Untungnya, pernyataan Pak Menteri itu sejalan dengan SK. 936/Menhut-II tahun 2013 pada bulan Desember 2013 untuk mengatur pengalihan kawasan hutan menjadi bukan kawasan hutan seluas lebih kurang 554.137 hektare. Diharapkan, peraturan tersebut memberikan kepastian hukum kepada perusahaan-perusahaan kelapa sawit seperti yang banyak berada di daerah Kalimantan Barat dan Kalimantan Tengah untuk beroperasi dan mengelola lahan.
Saya ingin mengutip pernyataan Direktur Eksekutif GAPKI Fadhil Hasan. Katanya, “Indonesia masih merupakan negara dengan basis industri sumber daya alam. Sehingga pengelolaan lahan, tanpa dibarengi pembukaan lahan membuat perusahaan tak bisa melakukan aktivitas perkebunan, pangan dan seterusnya.

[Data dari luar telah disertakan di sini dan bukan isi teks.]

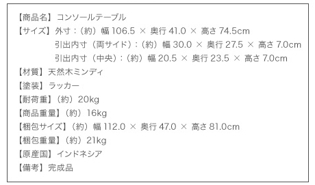 ![]() 本格アンティークデザイン家具シリーズ Mindy ミンディ コンソールテーブル W105 ![]() ※お使いのブラウザ・モニター等の使用状況により色目の見え方が異なる場合がございます。 ◇◆支払詳細◆◇ ◇◆発送詳細◆◇ ◇◆コメント◆◇ |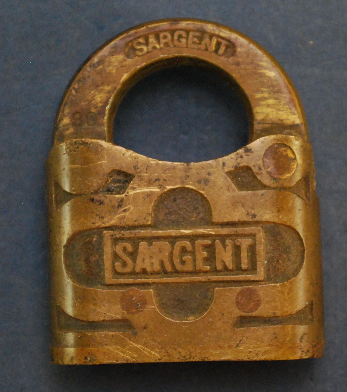 Design Name: Manufacturer: Sargent Style: Material: Brass Manufacturing Method: Cast Surface Finish: Aged / Unpolished VDA Classification: VDA Number: Shape: Patent Specifics: Lock Type (If Applicable): Inscription/Makers Mark: Sargent Inscription Text: New Haven, Conn. U.S.A. Comments:
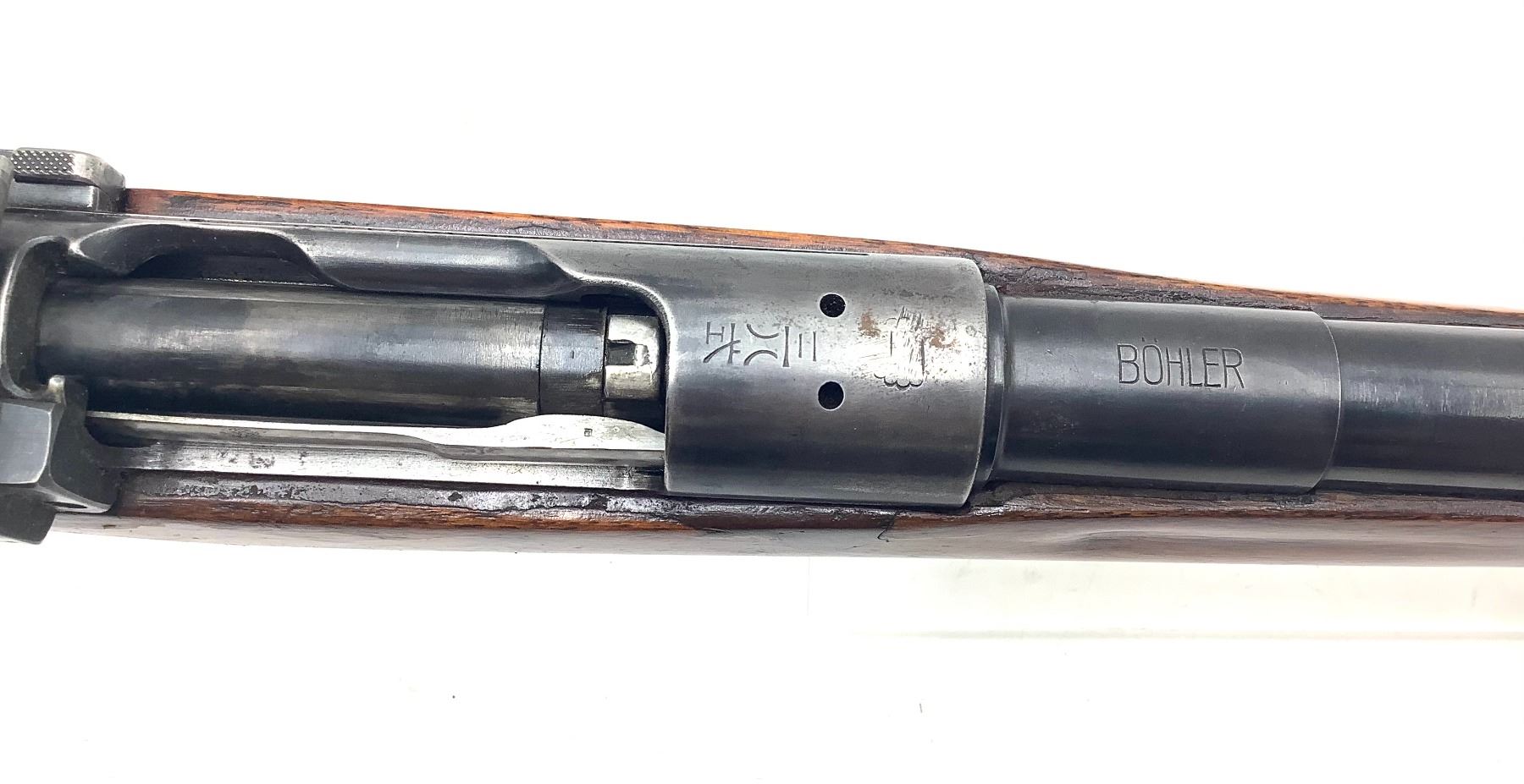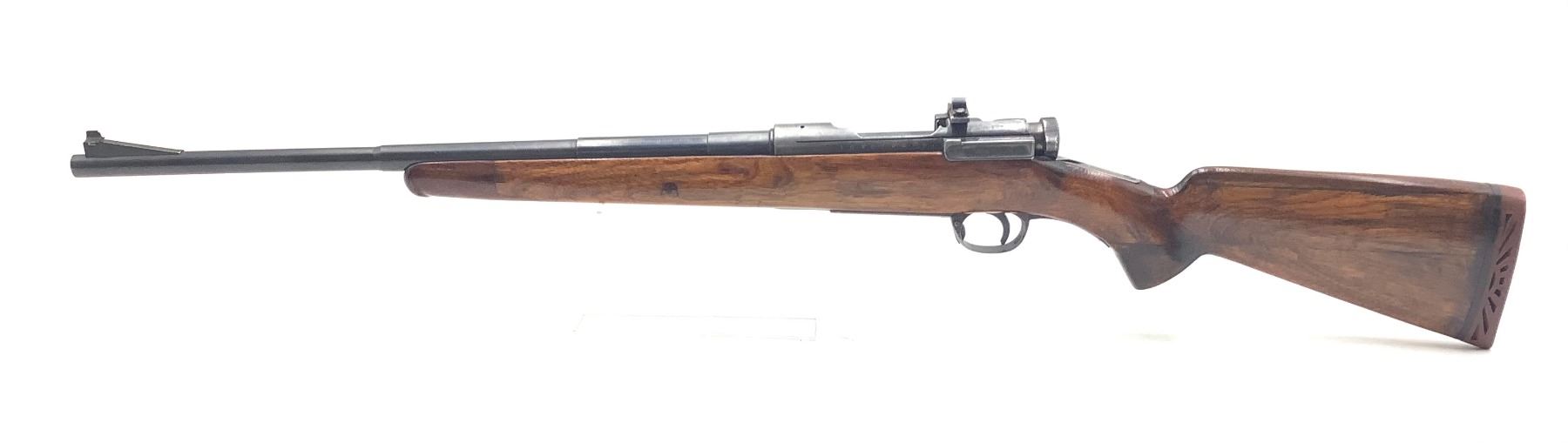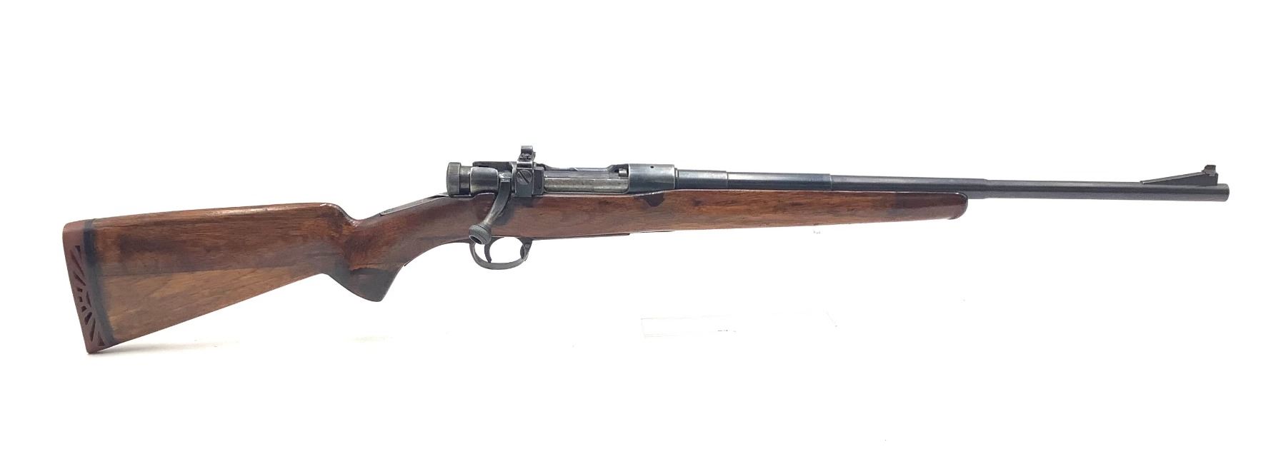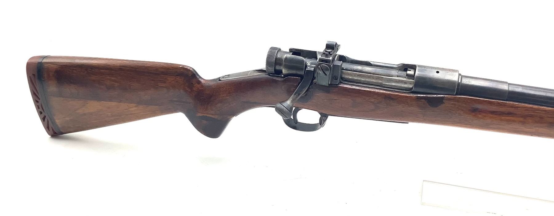 Sporterized Arisaka Bolt Action Rifle Bohler 20" Barrel Wood Stock. Consignor indicated this rifle is chambered in 6.5 Japanese but we cannot confirm. Ramp front sight, rear peep sight. Internal magazine with hinged floor plate. This is a non-restricted firearm.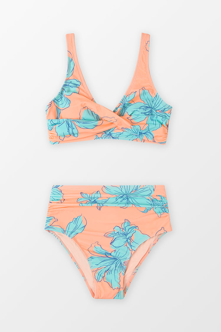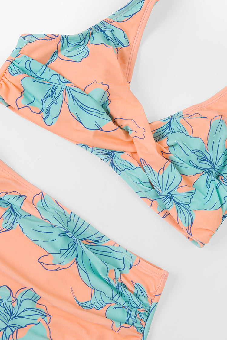 Floral Wrap Front Bralette & Shirred High Waist Bikini Swimsuit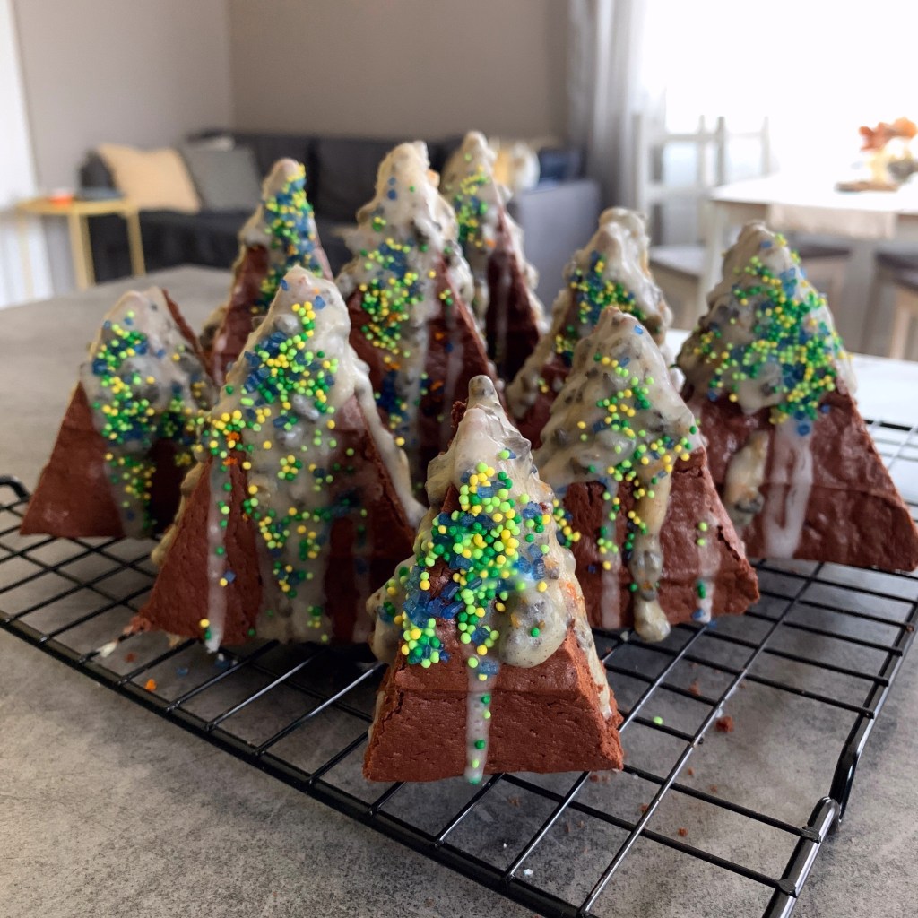 Нарежете сладкиша на триъгълници. В купа изстискайте сока от портокала и добавете пудра захар, до получаване на консистенция на боза. Залейте триъгълниците със сместа, след което поръсете с декоративни захарни топчета. Когато изправите триъгълниците ще наподобяват на малки елхички. Весели празници!

Sektor pertanian dan perkebunan sampai saat ini ternyata masih merupakan tulang punggung perekonomian daerah, baik sebagai penghasil nilai tambah dan devisa maupun sumber penghasilan atau penyedia lapangan kerja sebagian besar penduduknya.
Semoga kita semua berada dalam satu visi menuju misi menyejahterakan bangsa lewat kemajuan ekonomi dengan cara pemanfaatan sumber daya alam yang maksimal.